We first meet Naomi in the midst of a horrible famine. She and her husband are raising their two boys in Bethlehem of Judah; however, due to the famine, they move to Moab. While living in this foreign land, Naomi’s husband dies.
As a single mother, she is committed to her sons who eventually marry Moabite women: Orpah and Ruth. They reside in Moab for at least 10 years when tragedy strikes and both of Naomi’s sons die. Burying children is something no mother should ever have to do. It is devastating.
Naomi YEARNS for her people. Her culture. Her family back in Judah.
One day while working in the fields of Moab, she learns that the LORD has provided food for His people, and she decides right then and there that it’s time to return home to Judah. She encourages her daughters-in-love to return home to their families of origin, remarry, and have children of their own.
If they leave, Naomi will have no one. This is NOT an option. In one of the most emotionally tender scenes in the Bible, Ruth and Orpah refuse to leave Naomi’s side. They hug and cry and cry and hug. Naomi is determined to send them on their way (mothers-in-law can be stubborn sometimes).
Orpah accepts Naomi’s instruction and returns to her home, but Ruth refuses and swears an oath to her mother-in-law: “Where you go I will go, and where you lodge I will lodge. Your people shall be my people, and your God my God. Where you die I will die, and there will I be buried.” (Ruth 1:16b-17a)
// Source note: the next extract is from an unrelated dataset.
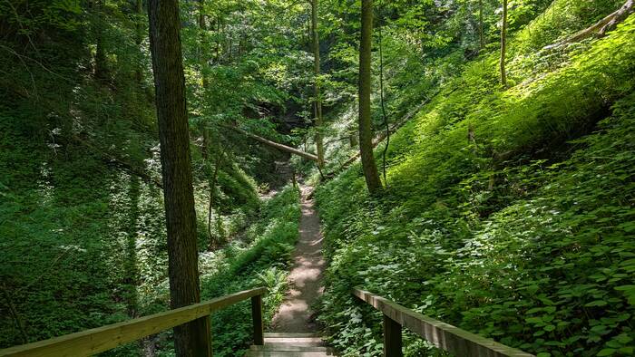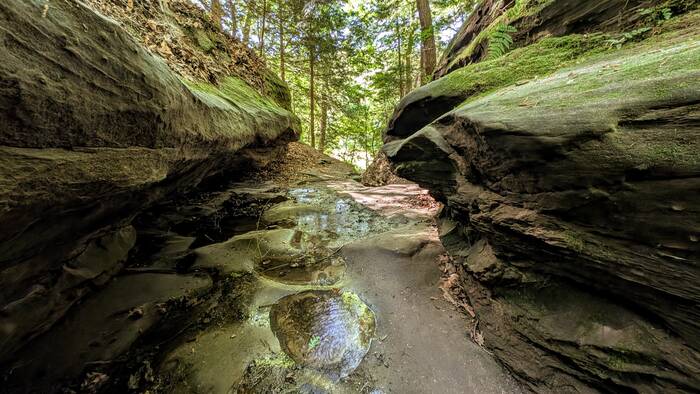 The hiking trails are the main attraction here, and by Midwest standards, they are quite nice. Many of the trails follow along seasonal stream beds. Fortunately, these stream beds weren't actively flowing (at least not too much). So, aside from a bit of mud, hiking was a lot of fun.

Together they travel to Bethlehem where their roles are reversed. Now, Naomi is the native, and Ruth is the foreigner. Naomi plays match-maker and helps Ruth secure a husband. Ruth then bears a son named Obed who is the grandfather of King David.
You can read more about Naomi, Ruth, and Orpah in the book of Ruth in the Bible.
* In case you didn’t know it, Oprah was named after Naomi’s daughter-in-law, Orpah. Here’s a footnote from Wikipedia’s article on Oprah:
“Winfrey has said in interviews that ‘my name had been chosen from the Bible. My Aunt Ida had chosen the name, but nobody really knew how to spell it, so it went down as “Orpah” on my birth certificate, but people didn’t know how to pronounce it, so they put the “P” before the “R” in every place else other than the birth certificate. On the birth certificate it is Orpah, but then it got translated to Oprah, so here we are.’ Oprah Winfrey Interview Academy of Achievement. January 21, 1991. Archived from the original on January 19, 2016. Retrieved August 25, 2008.”